The calibration will stop either once one patient has reached the threshold defined in the calibration options, or once the maximum number of iterations has been reached. If you find a patient that you consider good enough before that, you can also stop the calibration to save computing power.

What if my calibration doesn't work ?

There are a lot of reasons for a calibration to not work as expected. Whatever the changes needed are, you can edit all of the inputs directly in the calibration to correct them, and relaunch a new calibration run on a new version, unless you are re-using an existing project item, in which case you will be in read only mode. However, it is easy to make a copy of this PI and then edit it.
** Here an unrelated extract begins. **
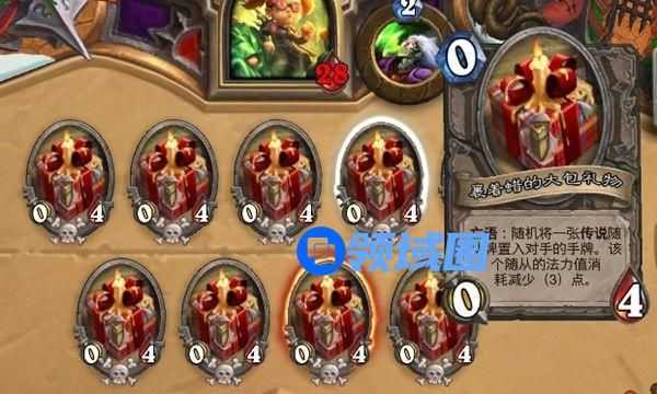 对局开始时双方场上都会有四个大包礼物:“亡语:随机将一张传说随从牌置入对手的手牌。该随从的法力值消耗减少(3)点。”

If a constraint is not respected, the patient will be penalized and the optimizationWeightedScore is not evaluated, so these patients will not appear on the scatter plots. Some objectives may have conditions and therefore not be evaluated in some patients, leading to "discontinuities" in the fitness function. The fitness function may also be ill defined, either because of errors in the formulas, by not representing entirely what you expect it to, because the respective weights do not represent you actually want to be prioritized ... In the individual patients tab, you can check the dynamics of the model as well as the value of each objective in the Patient descriptor outputs, in order to check the coherence. You can add a Simple output set to your calibration if you also want to visualize more output time series of the individual patients. Checking the dynamics can also allow you to check that the protocol does what you expect it to.

It is also possible that the input space explored is not large enough: you can consider checking the X-Y scatter plots to see if some inputs tend to increase or decrease continuously across iterations, or reach their bounds. You can also consider adding new inputs to calibrate, maybe by using a contribution analysis on a quite wide Vpop to see which parameters most impact the optimizationWeightedScore.

Finally, it is also possible that the model itself is not capable of reproducing the data. In that case, you will need to go back to the model structure to understand what can be changed to better fit the data, objectives and constraints.